So, you need to make a decision. It’s time to decide what you will invest in various segments of your hotels marketing activity. Once upon a time, you will have done this on ROI but in 2021, to do so will greatly mislead your budget and attention, leading to an overemphasis on direct response and not enough focus on the long-tail impact, leading to misguided focus and less profits over the long run. This blog aims to explain why we’re here and why things have to change for your hotel to win.
The traditional way
Traditionally, hotel marketers will have measured ROI or, ‘return on investment’. For example, you may have invested £1000 in Google Ads and Google Ads is telling you this generated £8,500 in margin from bookings, which is an 850% ROI (to be tracking margin, you’re already above 98% of hotels!). When it comes to budget season, this will be compared to the performance of your social ads. For example, you may have a themed activity focused on next summer, which had a 60% ROI. Naturally, by comparing these figures, the outcome will be less for social and more for search.
This paradigm of thinking leads to direct response marketing taking the lion share of budget and in a time where there is an increasing weakness of advertising platforms ability to provide full tracking solutions, this will continually lead to seemingly lesser and lesser results (as less is tracked so results appear lesser).
The future method
So, what do we do instead of measuring ROI? We believe the future will be one where successful hotel budgets are decided on guided faith. Both of these components are crucial to success. Let’s tackle them one at a time.
Guided
We are in a data-heavy world where you could spend hours devouring data. Deciding budgets involves finding the signals amongst the noise. How do you find a signal? You have to first consider the ultimate objective for each piece of marketing and then you need to look for data that proves or disproves this assumption.
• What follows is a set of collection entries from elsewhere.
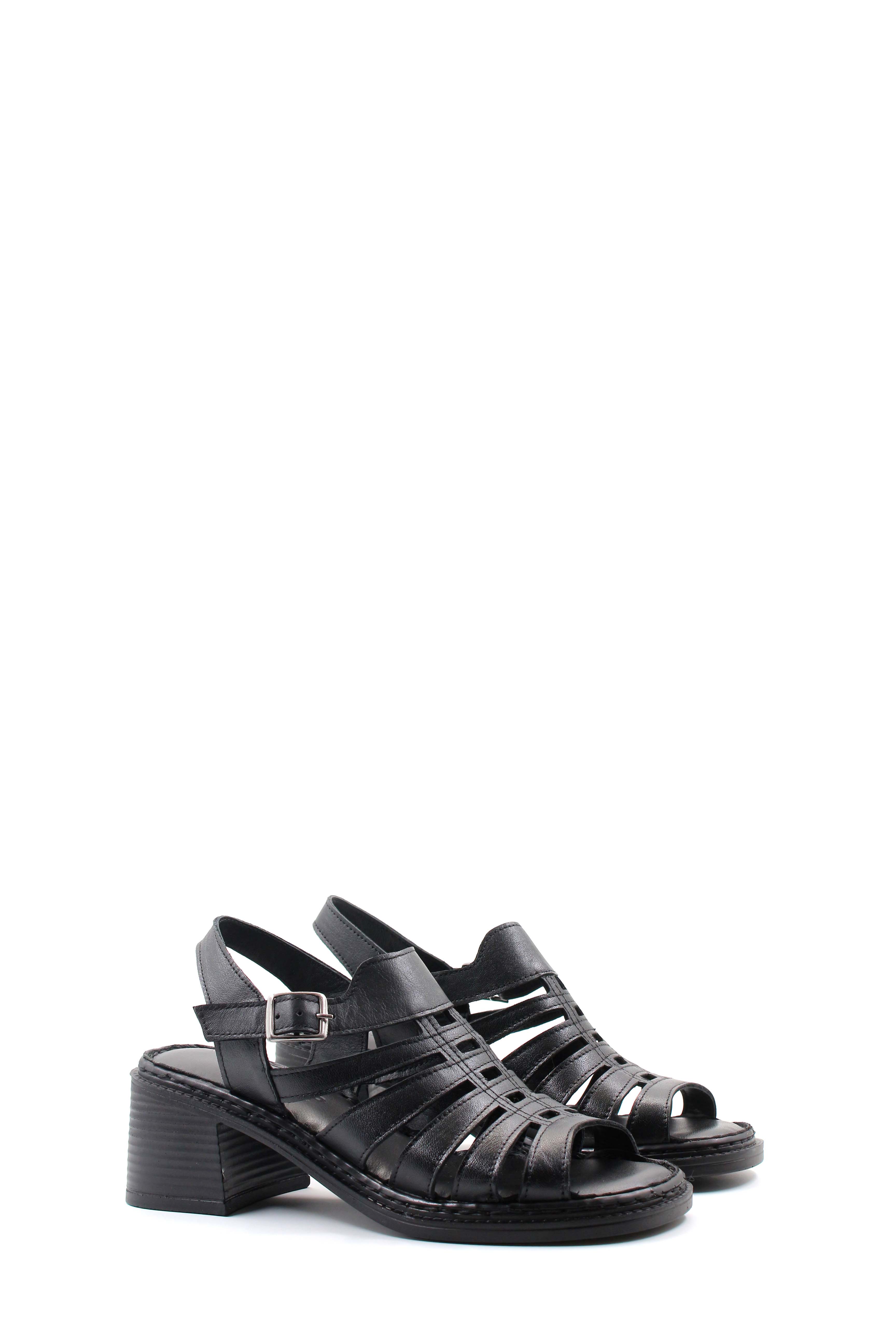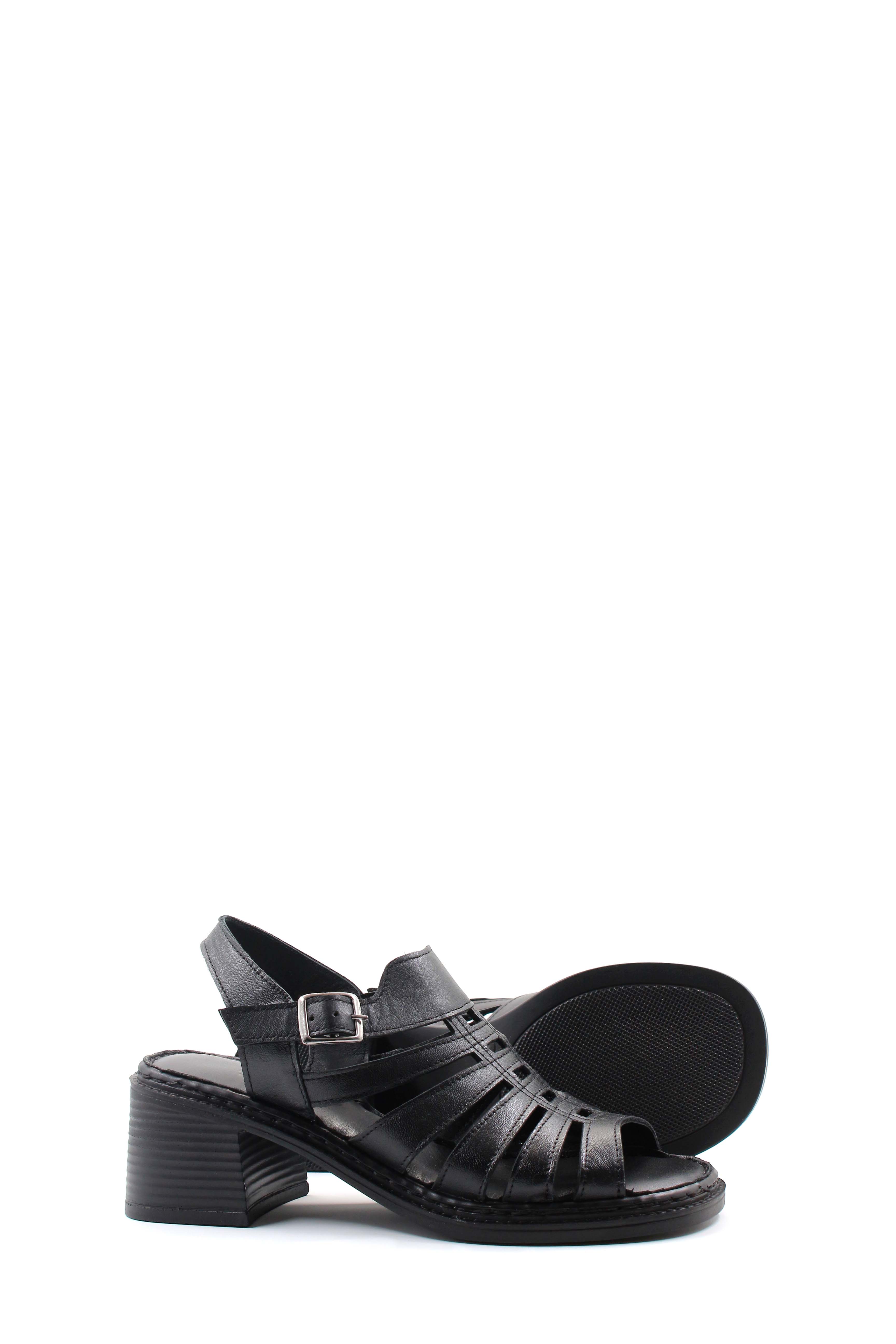 MirgeShoes Kadın Dolgu Topuk Sandalet İçi Dışı Hakiki Deri Siyah MRG0175126193929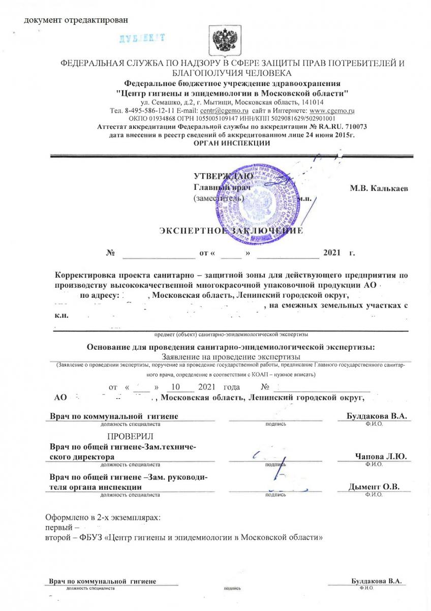 Специалистами ООО "ЭкоТехПром групп" проведена корректировка проекта СЗЗ для действующего предприятия по производству высококачественной многокрасочной упаковочной продукции. Экспертное заключение успешно получено!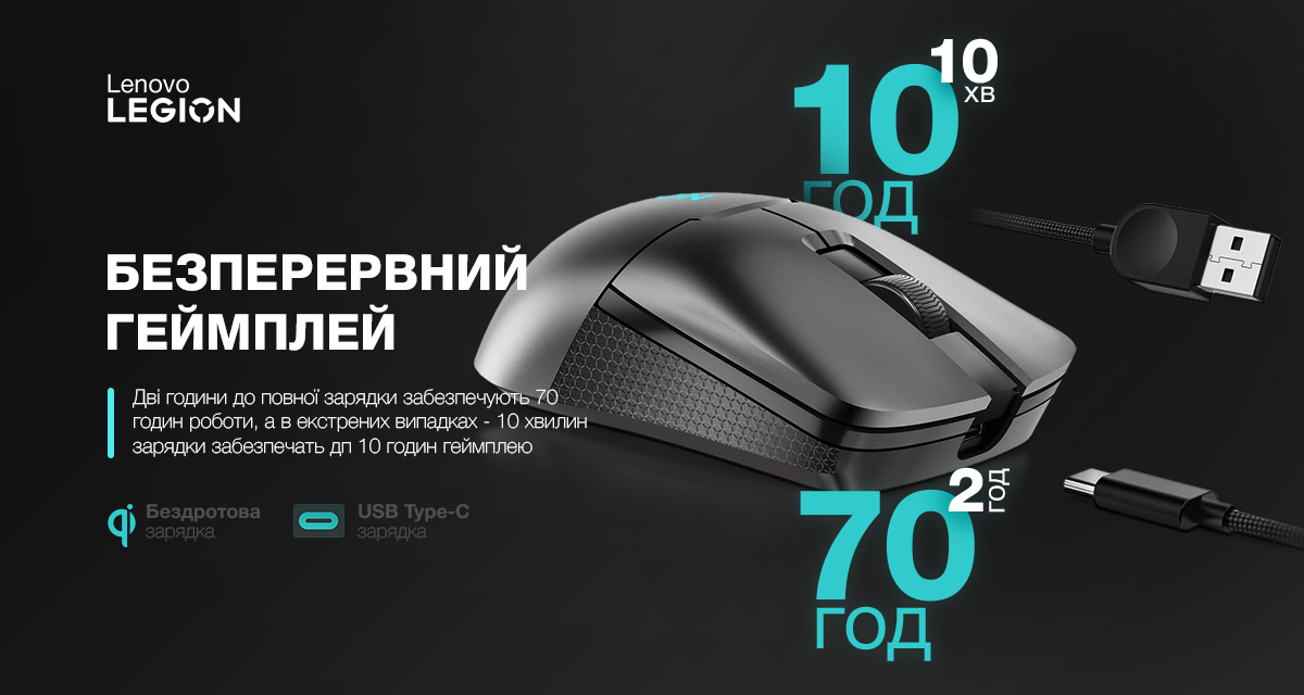 Мишку можна заряджати або через кабель USB-C, або з допомогою бездротової зарядки Qi. Зарядіть мишку всього за дві години і вона працюватиме понад 70 годин. А якщо вам потрібно швидко повернутися до гри, лише 10 хвилин зарядки забезпечать ще 10 годин геймплею! Тепер ви завжди готові до нових викликів у вашій грі!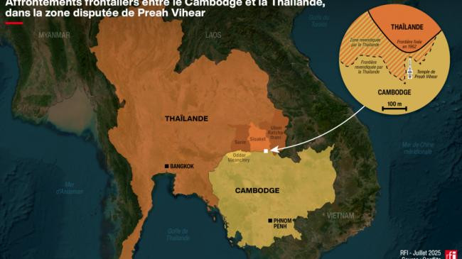 柬埔寨和泰国在有争议的柏威夏地区发生边境冲突。 © FMM Graphic Studio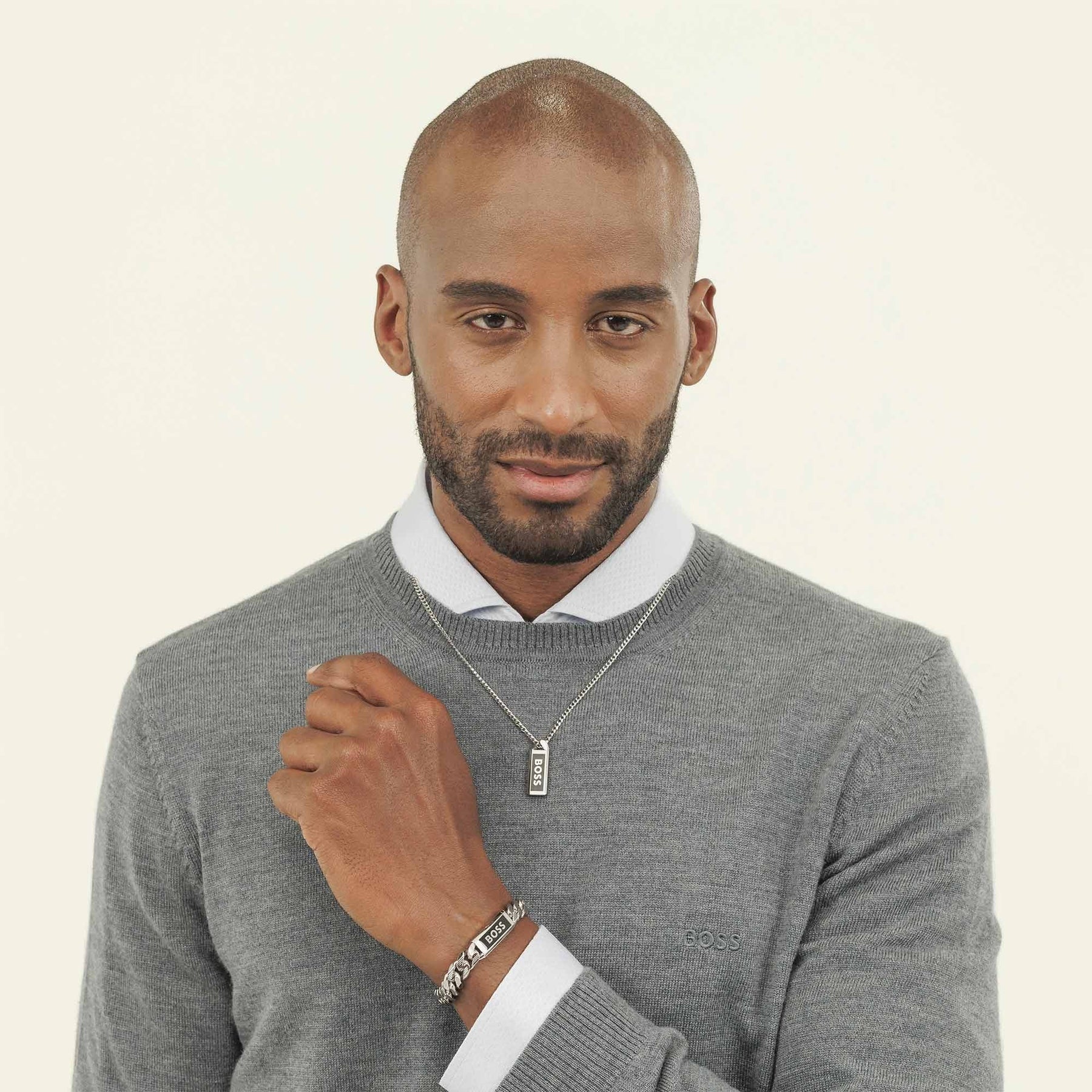 BOSS Mens Kassy Emblem ID Bracelet Stainless Steel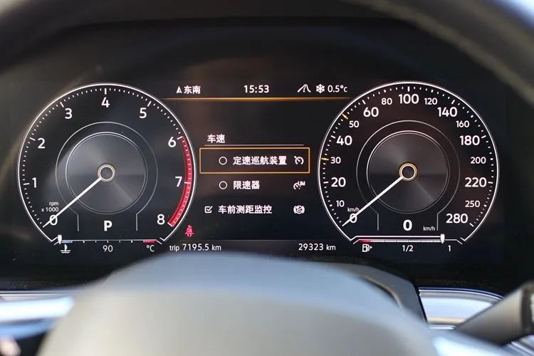仪表盘是一块12英寸的液晶屏,与之搭配的,是投影在前风挡上的抬头显示。仪表盘界面当中的标准模式,是下图所示的这种传统风格——转速表与时速表位居左右,中间是多功能显示区。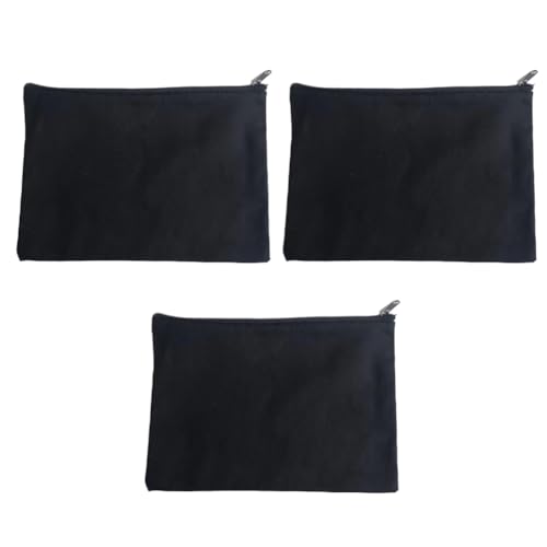 Lot de 3 trousses à crayons en toile vierge - Avec fermeture éclair - Petit sac à peindre - Sac portable - Trousse à crayons - Pour travaux manuels, rangement, stylos, produits cosmétiques, Noir , 21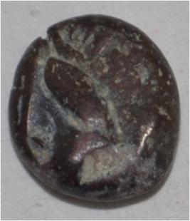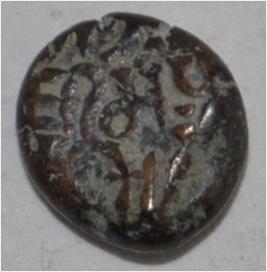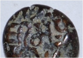 Obverse Horseman to the left. Man on the horseback and flagpole at the back of horse. Reverse Traces of Sri Megha .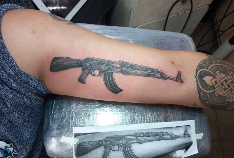 当前位置: 首页 >云南省昆明市纹身店-tattoo针尖下的艺术纹身图案>AK纹身图片_手臂写实静物原创小白刺青塔图~针成品纹身图案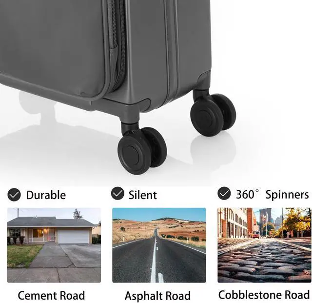 DURABLE FABRIC & RETRACTABLE ALUMIUM PIPESThe wheeled suitcase with 4 spinner wheels is made of PC and nylon.The hard shell is extremely scratch-resistant,the top open cover is easy for collecting.The luggage pipes has 4 different adjustment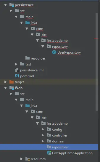 同样方法,建立persistence,把web中的repository中的class放入persistence中的repository中: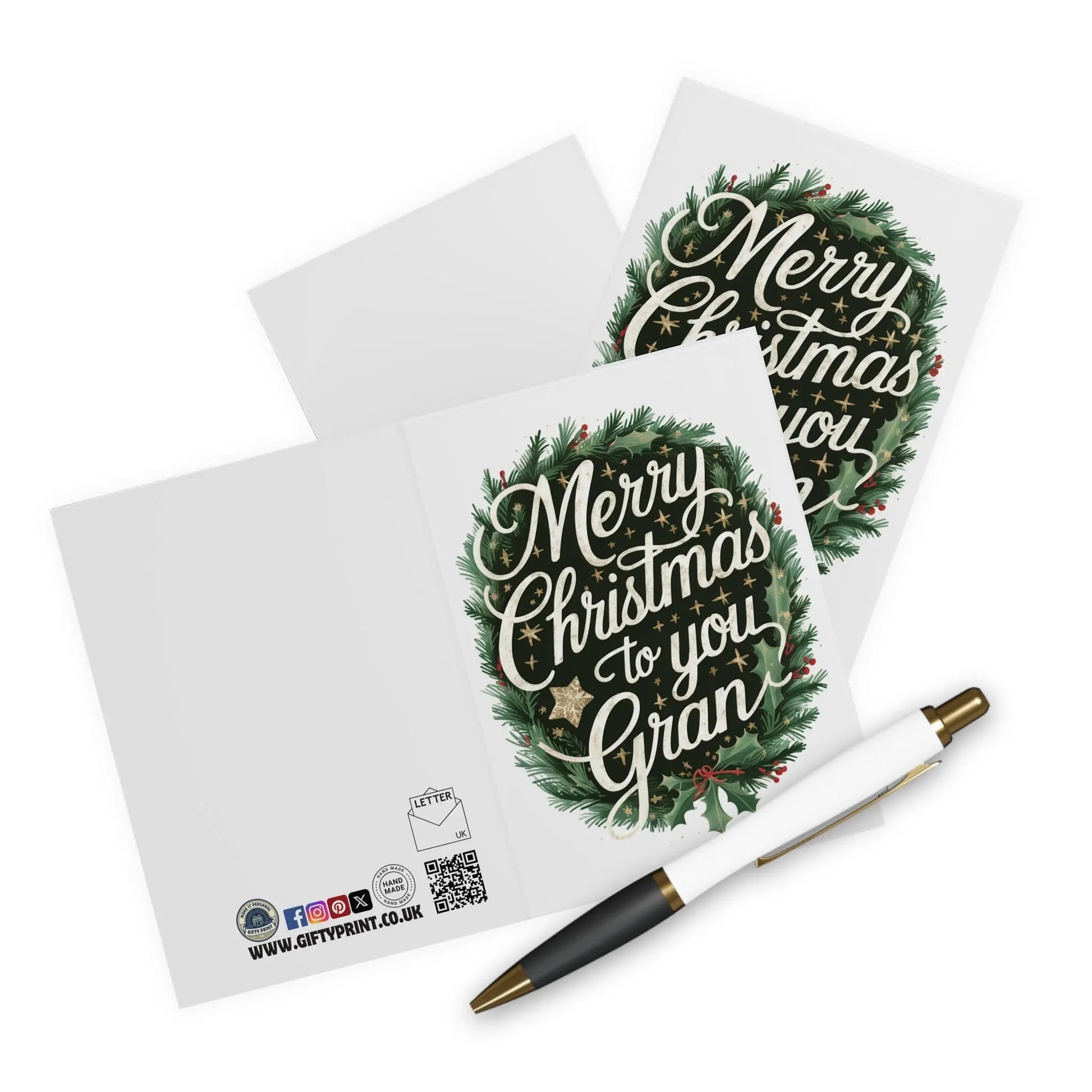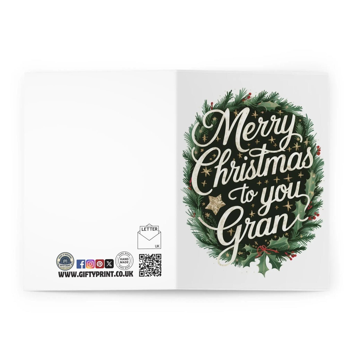 Grandma Christmas Card, Celebrate the joy of the season with our Christmas Card Merry Christmas To You Gran Wreath! Share warm wishes and festive greetings with your beloved gran. This beautiful wreath design adds a touch of holiday magic to your message. Show your love and appreciation with our heartfelt card. Happy holidays!

For example, your Facebook ads about booking a break this autumn may have the aim to drive website visits and repeat visits, which leads to bookings. In this case, we understand not all bookings will be tracked so, the measly 50% ROI isn’t worth paying attention to. The signal instead is that it cost £0.01 to get someone to visit your website and stay there for 5 minutes. From here, it’s up to the second component to allow you to fairly measure this against much (seemingly) higher ROI direct marketing activity.
Faith
As mentioned earlier, greater privacy laws and cookie restrictions have meant many conversions will not be attributed to marketing. Instead, it will appear as though they randomly found you via direct or organic traffic, when in actuality, you are just unable to track many of your marketings results. This has led to the need for faith.
When we talk about faith, we are not talking about blind faith, where you believe something with no grounding. We are talking about faith grounded in facts. Google & Facebook have designed pages dedicated to their brand awareness case studies (and before you say these companies are massive, remember the principles are the same with £100 as £100k). From these, we can see that greater awareness is the invisible force that raises the tide. So, in the earlier example, you can anticipate that you will see an uplift across the board from reaching people, leading to an ROI. Faith if this point is pivotal in allowing you to make the step into the future.
Striking the balance
So, when you’re looking at how much money to put towards organic social, paid social, paid search, email marketing, metasearch etc, we would urge you to consider the above two components carefully. The past is gone, let’s move forward into the exciting future.